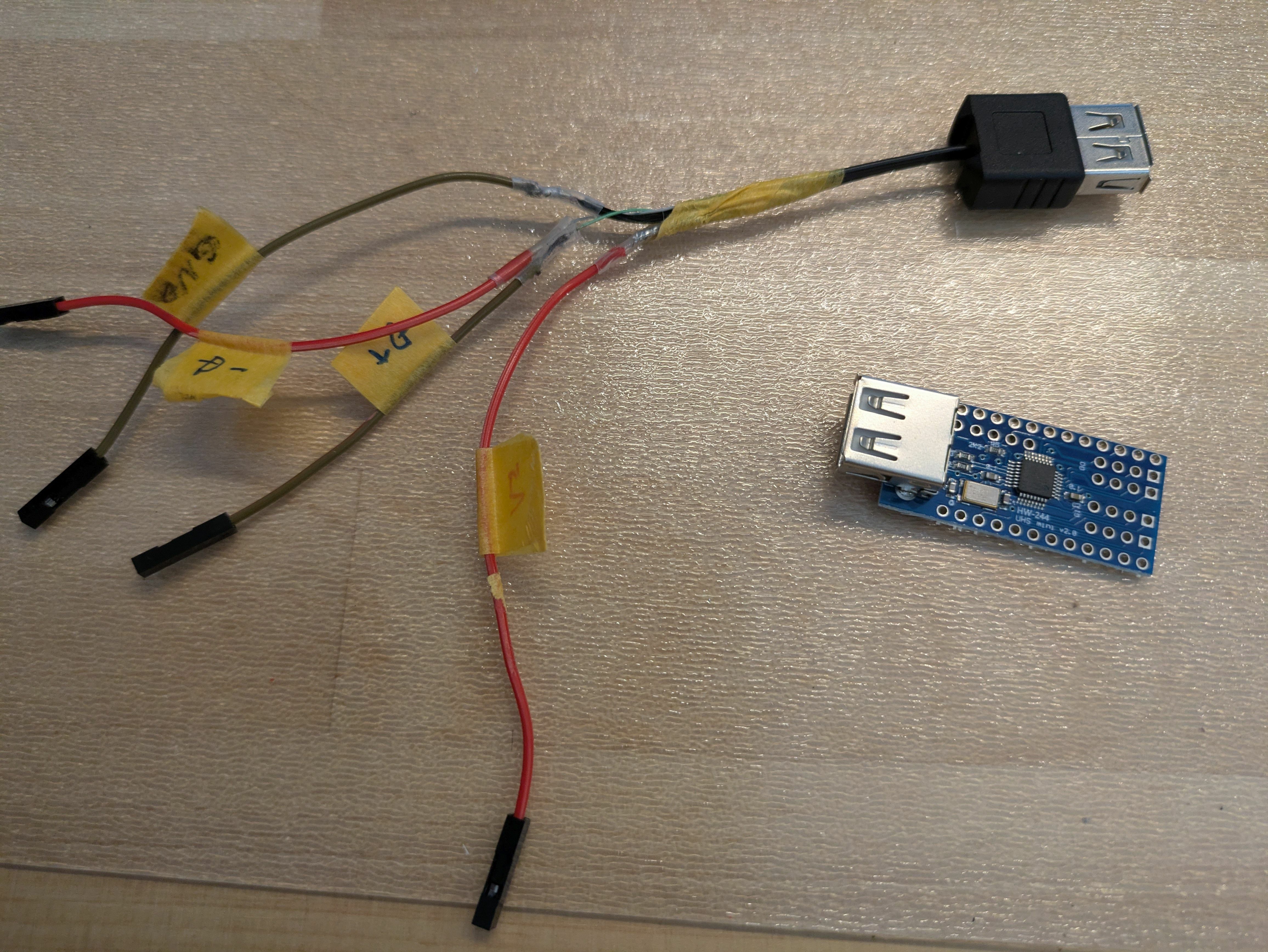USBホストが機能するなら、この治具ケーブルだけでUSB機器を認識できるはずだ。
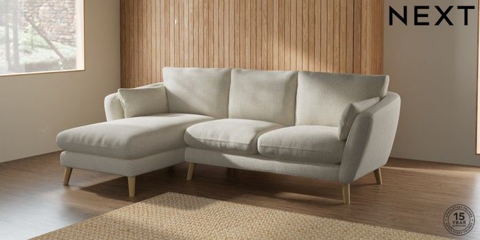 6.12.1 Buy Orlo Relaxed Sit Medium Sofa Chaise - Left Hand Chunky Texture Oyster Retro Tapered - Light from the Next UK online shop Click here to use our accessible website
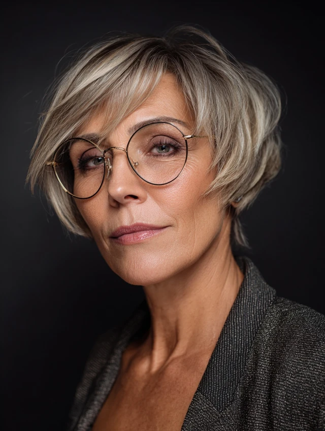 Choosing a chic short hairstyle for women over 50 with glasses helps:
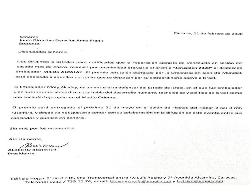 a la Universidad Católica Andrés Bello UCAB. Recibe el galardón su Profesor Lic. Carlos de Armas. Evento de importancia internacional que premia la labor desarrollada por el mencionado Profesor y su equipo en pro de la inclusión, la tolerancia y el combate del antisemitismo.
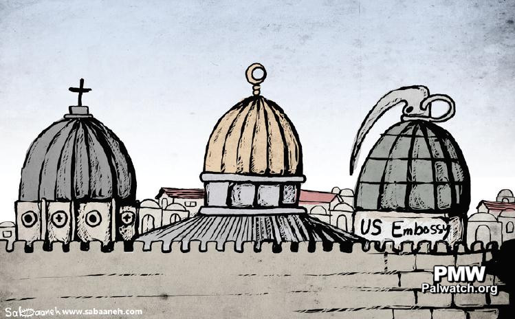 Cartoon in Palestinian Authority daily: New US embassy in Jerusalem is a hand grenade
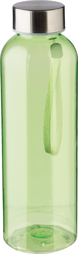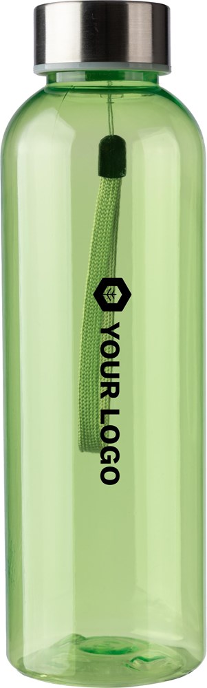rPET-Trinkflasche (500 ml) mit Edelstahldeckel und Trageschlaufe.
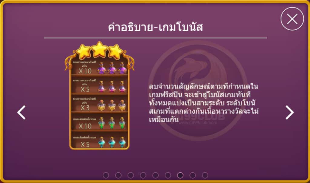 ลบจำนวนสัญลักษณ์ตามที่กำหนดในเกมฟรีสปิน จะเข้าสู่โหมดโบนัสเกมทันทีทั้งหมดแบ่งเป็นสามระดับ ระดับโบนัสที่แตกต่างกันเนื้อหารางวัลจะไม่เหมือนกัน
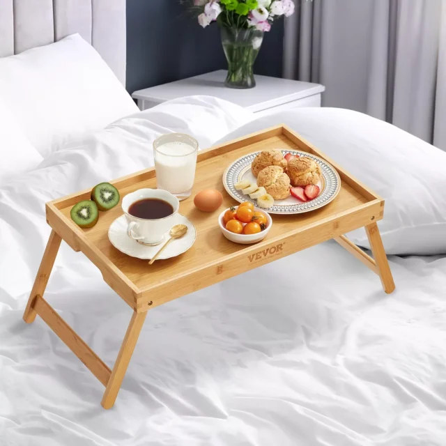 Bamboo Breakfast Tray with Folding Legs for Sofa Bed, Adjustable Serving Laptop Desk
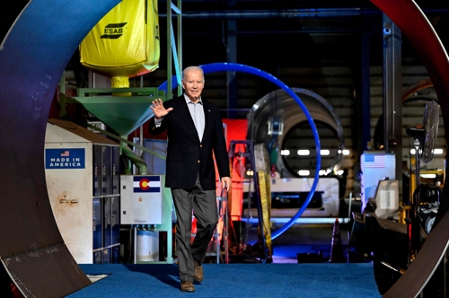 조 바이든 미국 대통령이 29일(현지시간) ‘바이드노믹스’ 성과를 강조하기 위해 콜로라도주 푸에블로의 CS윈드 풍력 터번 제조 공장을 방문해 무대에 오르고 있다. AFP연합뉴스 |
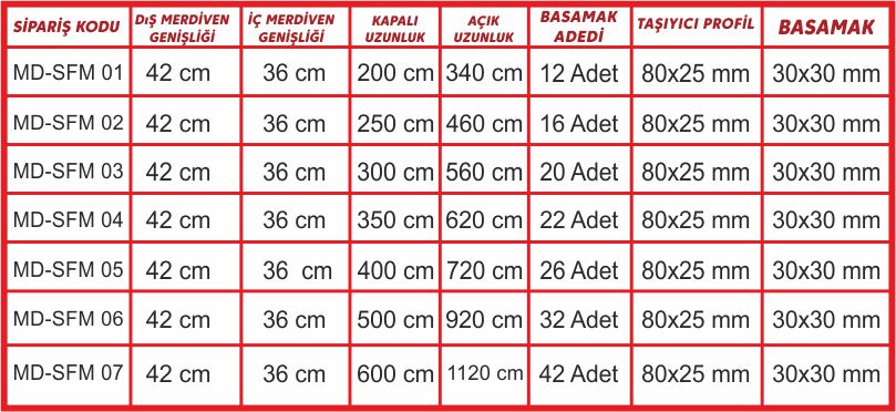 Basamak ölçüleri: 30x30mm tırtıklı profilden üretilmiştir.
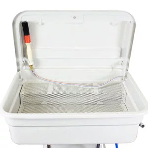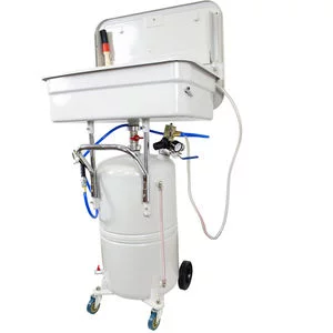 Fontaine de nettoyage et dégraissage pour les pièces Mécaniques, idéal pour laver les freins en place, le matériel de peinture dans un atelier. Cette fontaine de nettoyage fonctionne avec de l’air comprimé.
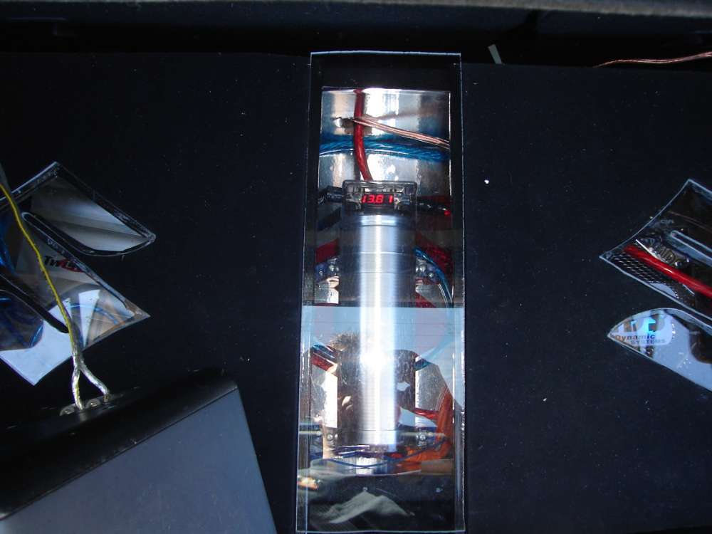 Nyt låg til bagagerumsboks, m/anlæg mont. Kondensatoren monteret i midten, med indb. voltmeter Nyt låg til bagagerumsboks, m/anlæg mont. Nyt låg til bagagerumsboks, m/anlæg mont. Nyt låg til bagagerums boks! Nyt låg til bagagerums boks! Prototype: Monteret i, men den bliver meget anderledes! Prototype: Monteret i, selve basenheden..! Prototype: Ja, hvad er der at sige: Set ovenfra med åbent låg! Prototype: Med åbent låg, med tre åbninger bagi til gennemføring af ledninger! Prototype: På højkant set forfra! Prototype: På højkant set bagfra! Prototype: Som den skal ligge(med låget lukket) Prototype: På højkant set bagfra

- - - - -

Brief:
Without any pictures, please write out the lines from the one containing "Fontaine de nettoyage et" through the final line of the data, exactly and inclusive of both ends.

Answer section:
 Fontaine de nettoyage et dégraissage pour les pièces Mécaniques, idéal pour laver les freins en place, le matériel de peinture dans un atelier. Cette fontaine de nettoyage fonctionne avec de l’air comprimé.
 Nyt låg til bagagerumsboks, m/anlæg mont. Kondensatoren monteret i midten, med indb. voltmeter Nyt låg til bagagerumsboks, m/anlæg mont. Nyt låg til bagagerumsboks, m/anlæg mont. Nyt låg til bagagerums boks! Nyt låg til bagagerums boks! Prototype: Monteret i, men den bliver meget anderledes! Prototype: Monteret i, selve basenheden..! Prototype: Ja, hvad er der at sige: Set ovenfra med åbent låg! Prototype: Med åbent låg, med tre åbninger bagi til gennemføring af ledninger! Prototype: På højkant set forfra! Prototype: På højkant set bagfra! Prototype: Som den skal ligge(med låget lukket) Prototype: På højkant set bagfra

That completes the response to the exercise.